Additionally, stepped-up use of the devices of setting and tiering in the ‘regular’ schools (fundamentally determined by low teacher expectations) captured large numbers of Caribbean-origin children in a system structured to restrict what level of exams they would be permitted to sit, thus effectively limiting their academic and life-career possibilities. The tool of exclusions was also ramped up and is still used to this day, despite the growing evidence that it has become a conveyor belt to prison for so many.

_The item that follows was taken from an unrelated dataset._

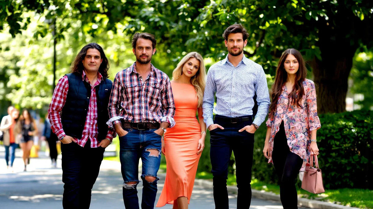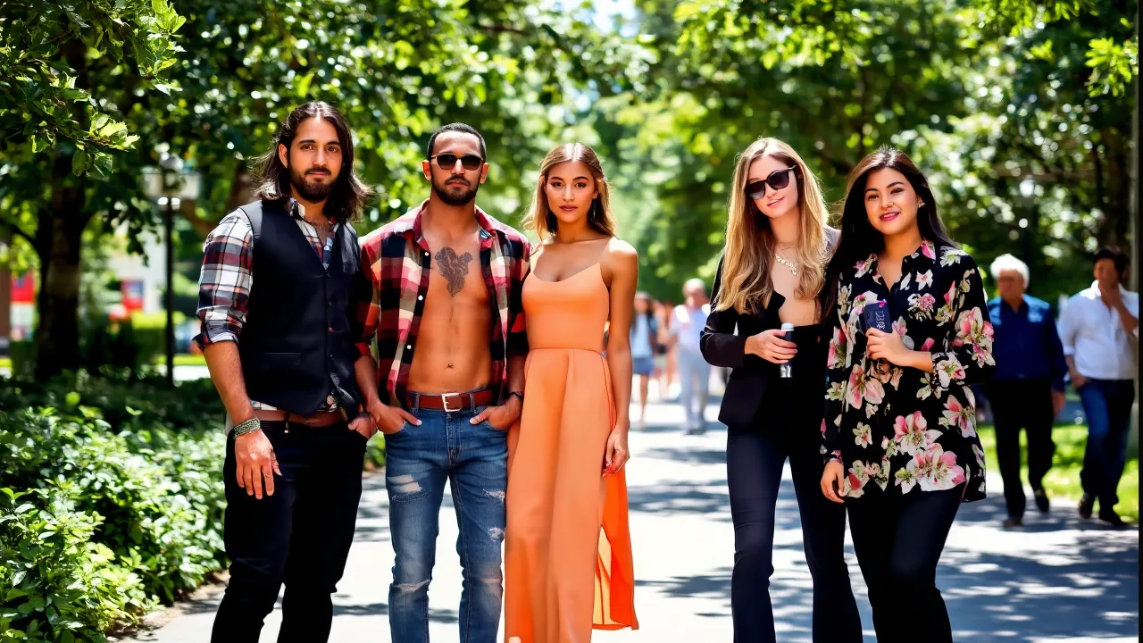 A vibrant street scene featuring four elegantly dressed people in a sunny park. On the left, a man with long, wavy hair wears a black vest over a plaid shirt and black pants. Beside him, another man stands confidently in a colorful, open shirt and distressed jeans, showing off his toned physique. He is accompanied by two women: one in a fitted peach dress and the other in a loose-fitting floral-print shirt and black pants. Lush vegetation and trees frame the background, while other pedestrians can be seen in the distance.

The disproportionate exclusion of Caribbean-origin children from schools mirrors a more deep-seated and profoundly damaging exclusion of these children and their parents’ identity, history, culture, and contribution to Britain from the curriculum of the British school system. Low academic expectations, and disrespect for their identity, culture, and history, all lead to rebellion. Some rebel by ‘shutting down’. Those who rebel by ‘acting out’ soon find themselves excluded; victims, now, of a double exclusion.
There is a thread which connects the killing of Stephen Lawrence and the way the case was handled by the police, the more recent Grenfell Tower fire in all its dimensions, the public lynching of George Floyd (and the constant extra-judicial killings of black people in the USA) and the electric global response to his televised murder, and the launch of the Black Lives Matter movement by three remarkable Black American women.

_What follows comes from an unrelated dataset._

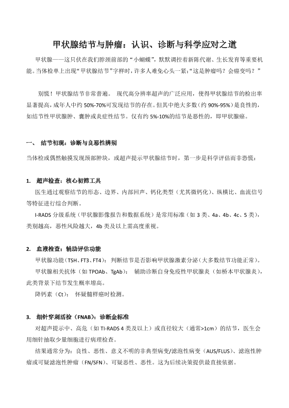 甲状腺结节与肿瘤:认知、诊断与科学应对之道

Let’s face it: it is not unreasonable to expect lasting psychological damage to result from centuries of the violent capture, transport, sale, enslavement, and violent brutalisation of fellow human beings, the colonisation of other peoples’ lands and the genocides which accompanied this process (in North America, Central and Southern Africa, Australia, etc), and colonial rule of Black and Brown peoples worldwide. It is reasonable to believe that it would leave a mark on the collective psyche for many generations. Race-based rationalisations, assumptions and belief systems of the dominant ethnic groups which engaged in these activities over such an extended period would be inevitable.

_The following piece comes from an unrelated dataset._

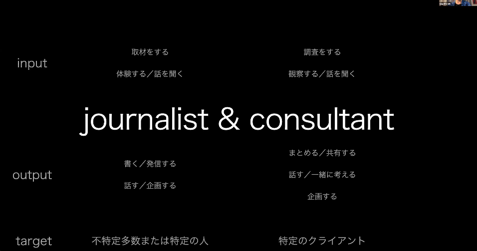 「林さんって何をやっている人ですか?」と聞かれると、最近はジャーナリストでコンサルタントです、と言っています。取材をして色んな人に話を聞いたり、他の人がしていないような体験をして、それについてメディアで書いたり、講演という形でお話ししたりする。またコンサルティングでは、特定のクライアントに対して調査をして、それについてまとめたり考えたり、ということをしています。
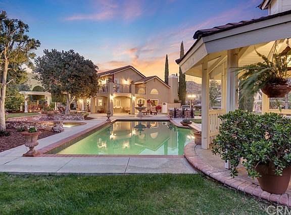 This is your opportunity to own one the finest Brock Estates II properties. This home sits on 3/4 of an ACRE, is nestled at the end of a quiet cul-de-sac & is surrounded by panoramic views of the mountains & open space. Custom wood & iron front doors open to the marble entry & dramatic sweeping wrought iron staircase. Neutral paint, rich dark wood floors, a stone fireplace & large bay window complete the elegant formal L/R. The D/R is light & bright w/ vaulted ceilings & new chandelier. The Gourmet Kitchen was recently remodeled w/ new cabinets, granite counters, Jenn-Air appliances, large island, pendant lighting & custom built in kitchen table w/bench seating. The expansive F/R has a fireplace & French doors to the backyard. There is a Main floor bdrm - perfect for guests or home office. The Master bdrm boasts an influx of natural light, sitting area, ceiling fan & French doors that open to a balcony. The Master Bath is elegantly appointed w/ an antique vanity, dual sinks, marble floors, separate soaking tub, shower w/ travertine design, walk in closet w/ organizers & mirrored wardrobe door. There are 2 additional secondary bdrms + a generous sized Bonus Room. The resort style backyard offers mature trees, lush landscape, Pool, Spa, BBQ w/ seating area, Gazebo, Fountain, multiple covered patio areas + large grass area. The driveway can accommodate approx. 8-10 cars and recreational vehicles. The home has been repiped, has new vinyl windows, water heater, A/C and heater.

Put another way: it would be extraordinary if doctrines of white supremacy, of the inherent inferiority of Black people, did not become embedded in the overwhelmingly unconscious socialisation process of Europeans wherever they live. Such influences on most persons’ thinking would be unconscious, and would be consciously repudiated by most – genuinely so. This is why fifty years after the ESN scandal was exposed, the substance but not the forms of the educational suppression of Caribbean-origin children remains.
The administrators, educational psychologists, principals, teachers, government ministers and their civil servants of the 1950s, 60s and 70s are no more, replaced several times by new generations in these positions. Yet the fundamental policies and practices have remained unchanged; only the specific devices for their execution have changed, adapting creatively to maintain the system of educational suppression against the periodic assaults on it by the suppressed, the oppressed.
This is the definition, and illustration, of what systemic racism is: when generations of people running a system come and go in turn, but the results remain largely unchanged. This is what connects the Stephen Lawrences, George Floyds, Grenfell Tower residents, and all the other persons and events together by one thread.
It is time to consciously and definitively break the generational curse. It is more than time for people of all ethnicities to unite to smash this phenomenon. The brazen lynching of George Floyd ignited a fuse which saw literally millions of white Americans joining the numerous demonstrations in numbers never before seen in America. “Black Lives Matter” has become a global clarion call, not just an American movement.
It is time to openly tackle and defeat systemic racism (not just openly racist actions) in all its manifestations! Steve McQueen’s Small Axe drama series, and now his forthcoming documentary on the BBC, ‘Subnormal: A British Scandal’, are major contributions in the raising of consciousness by all who absorb these extraordinary films.